David Miliband Ducks the Issue
Posted by jonathanfryer on Tuesday, 28th October, 2008
The Syrian Foreign Minister, Walid al-Muallem, has been visiting London, which made yesterday’s US helicopter assault on an alleged senior al-Qaida operative inside Syria unfortunately timed for Britain’s and Europe’s efforts to bring Syria in from the diplomatic cold. Mr al-Muallem and his British counterpart, David Miliband, were due to hold a joint press conference following their talks, but this was cancelled, as our Foreign Secretary repotedly did not wish to answer questions about the US attack. I bet he didn’t.

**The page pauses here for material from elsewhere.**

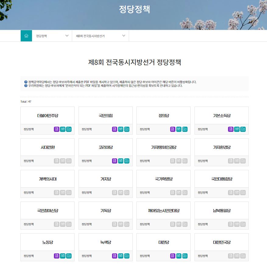 5월 9일 월요일, 제8회 전국동시지방선거에 참여하는 정당들의 10대 정책공약이 중앙선관위 '정책·공약마당(policy.nec.go.kr)'사이트에 공개됐다.

Meanwhile, the Syrians – who say the fatalities were all local civilians — are screaming justifiably but impotently and both Iran and Russia have joined in the condemnation of what Mr al-Muallem described as Washington’s ‘cowboy politics’. The British government is keeping schtum. That is inevitably being interpreted across the Middle East as tacit approval for what the Americans have done.
One would have thought that during the twilight weeks of the Bush presisidency, the Bush Doctrine would have been quietly laid to rest. But not a bit of it. Pre-emptive strikes and raids into sovereign territory — recently in Pakistan too — continue, with apparently not a care about ‘collateral damage’. The families of the deceased are naturally grieving. But the wider Islamic world is angry. And David Miliband’s silence looks miserably like complicity.
Liz Williams said
I don’t find it particularly surprising that the Bush presidency would pull a stunt of this kind as the election approaches – except in the sense that it doesn’t seem quite big enough to qualify as a proper October Surprise.
jonathanfryer said
Yes, Liz; I dread to think what Bush, Cheney and Co have up their sleaves as a going-away present for the world!
Luis Vega said
“Bush, Cheney & Co.” reporting.
Relax. There is no ‘October surprise’ coming other than polls getting closer as Election Day approaches and American voters decide what kind of experience is relevant for a president at times of war and hard economic times. Is it the 80′s or 90′s model? Ronald Reagan or Clinton?
Young voters do not remember Reagan. He presided over huge deficits that mandated radical domestic reform while expanding the military to defeat a bellicose USSR with its communist tentacles in Central America (i.e. Nicaragua, El Salvador, Guatemala, Grenada). Millions dead, displaced, sacrificed to the altar of Leftist ideology – Latinos.
Clinton inherited a prosperous world at peace. Communism defeated in Europe (Berlin Wall) and Latin America, ecomomic expansion the new mantra, “The End of History” by Francis Fukuyama in 1989 the dominant philosophy, reduction of defense budgets and geographic military retreat the strategy to balance the budget. In the 90′s America’s world supremacy began to be challenged by terrorist acts domestic and foreign.
Of course, as Election Day appproaches polls begin to show a closer race between McCain and Obama. It takes a while for mature Americans to remember important events of recent times – since national media fails to inform us of what’s at stake. Ratings, popularity and profits guides them. It’s business.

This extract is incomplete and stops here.